Белорусские сонеты
Новая книга, в которой звучит «тоска по белорусской культуре», для Романа Славацкого и неожиданна и закономерна одновременно. Неожиданна – потому что Беларусь, благодаря прежде всего воспевшим её поэтам-классикам Янке Купале и Якубу Коласу, воспринималась обычно как страна крестьянская, с большой европейской культурой связанная мало. Казалось бы ; чем может поживиться там воображение нашего поэта? Но, во-первых, у него отчасти белорусские корни: на белорусской земле жил его дед, и это отчасти предопределило выбор нового поэтического «маршрута». А во-вторых – и сама белорусская культура не так проста, как видится это поверхностному взгляду. Ведь даже географически Беларусь находится едва ли не в центре Европы, на большом историко-культурном перепутье, и обойти её европейский опыт не мог. Не случайно в книге есть сонет, посвящённый Максиму Богдановичу – «белорусскому Лермонтову», умершему в Ялте от туберкулёза в неполные двадцать семь лет. Именно Богданович привил белорусской поэзии европейские формы и жанры, которых она до него не знала – или почти не знала: рондо, триолет, сонет. Так вот, новая книга Романа Славацкого – о Беларуси, конечно, но… и о Европе тоже. Пути белорусской культуры переплетаются в ней с путями культуры европейской, с судьбами других славянских народов. И неспроста «в пепле славянских полей» поэту видится «отблеск весёлой Европы» («Несвиж»), рано умершая жена польского короля Сигизмунда Августа, Барбара Радзивилл, именуется «славянской Эвридикой» («Чёрная панна»), а создатель белорусской редакции церковнославянского перевода Библии Франциск Скорина успевает «обжить» в коротком лирическом сюжете посвящённого ему сонета Краков, Италию и «Старую Прагу». И конечно, восприятие Беларуси пропущено у поэта через трагедию двадцатого века («дым Хатыни») и через новейший культурный опыт этой страны, вбирающий в себя, например, построенные на народных преданиях романы Владимира Короткевича («Дикая охота короля Стаха», «Чёрный замок Ольшанский») или музыку «Песняров»…

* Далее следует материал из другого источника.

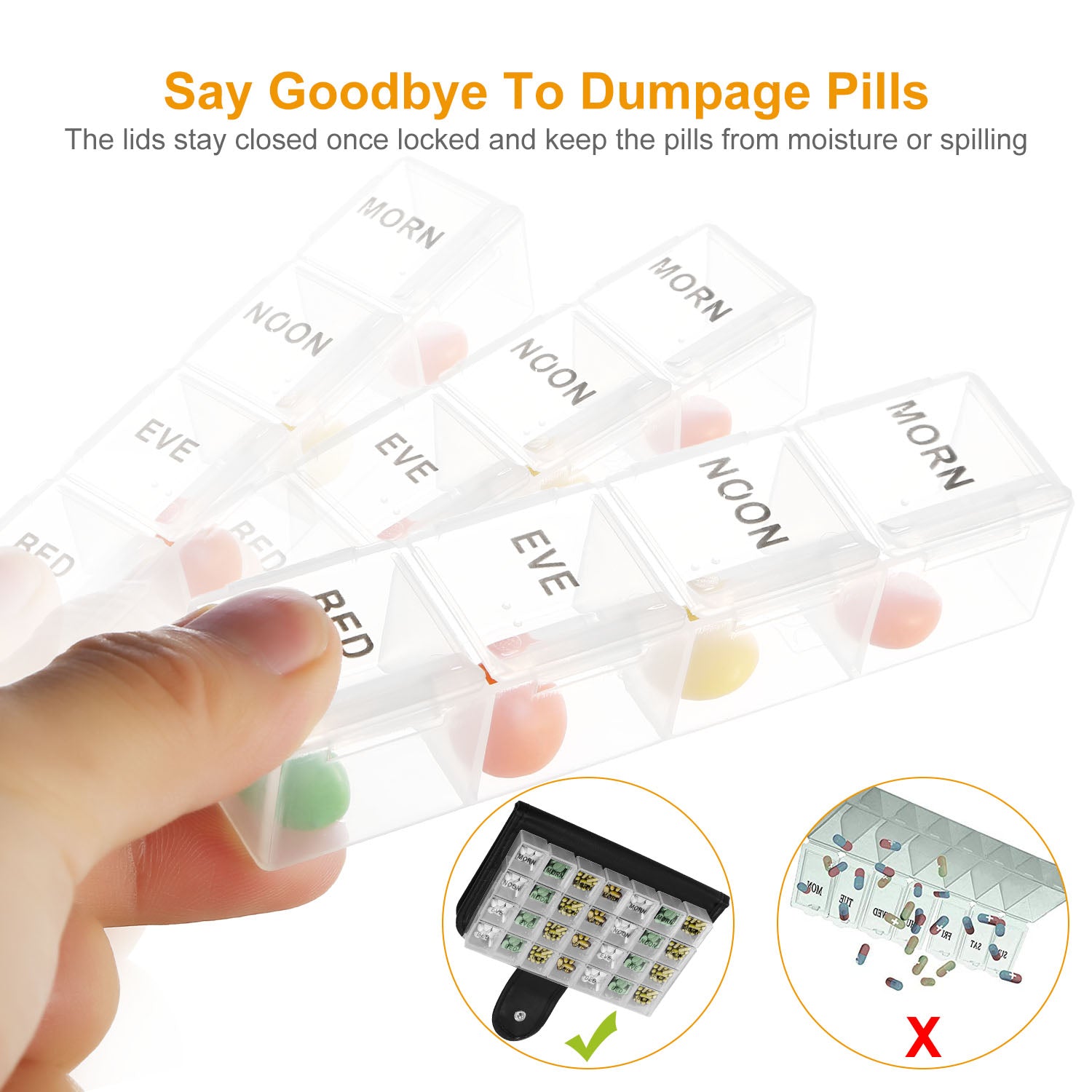 Help Prevent Missed Doses: Clear lids for easy visibility of your medications, ensuring you never forget to take your pills.

Книга включает в себя не только сонеты самого Романа Славацкого, но и выполненные им переводы сонетов белорусских мастеров. Первую скрипку в этой подборке играет, безусловно, Богданович: коломенским поэтом переведены все пять его сонетов. Но в контексте книги по-новому воспринимаются и тот же Янка Купала, мимо сонета, оказывается, не прошедший и неожиданно именно в такую форму заключивший характерное для него остросоциальное содержание, изобразивший в «Заброшенном замке» умирание дворянской усадьбы; и Максим Танк, тоже тяготевший обычно к сельской тематике – и тоже таивший в себе «тоску по мировой культуре», создавший вдруг свою «Щепку из дома Шекспира», символически связавшую далёкий Стрэтфорд и родную для поэта Беларусь.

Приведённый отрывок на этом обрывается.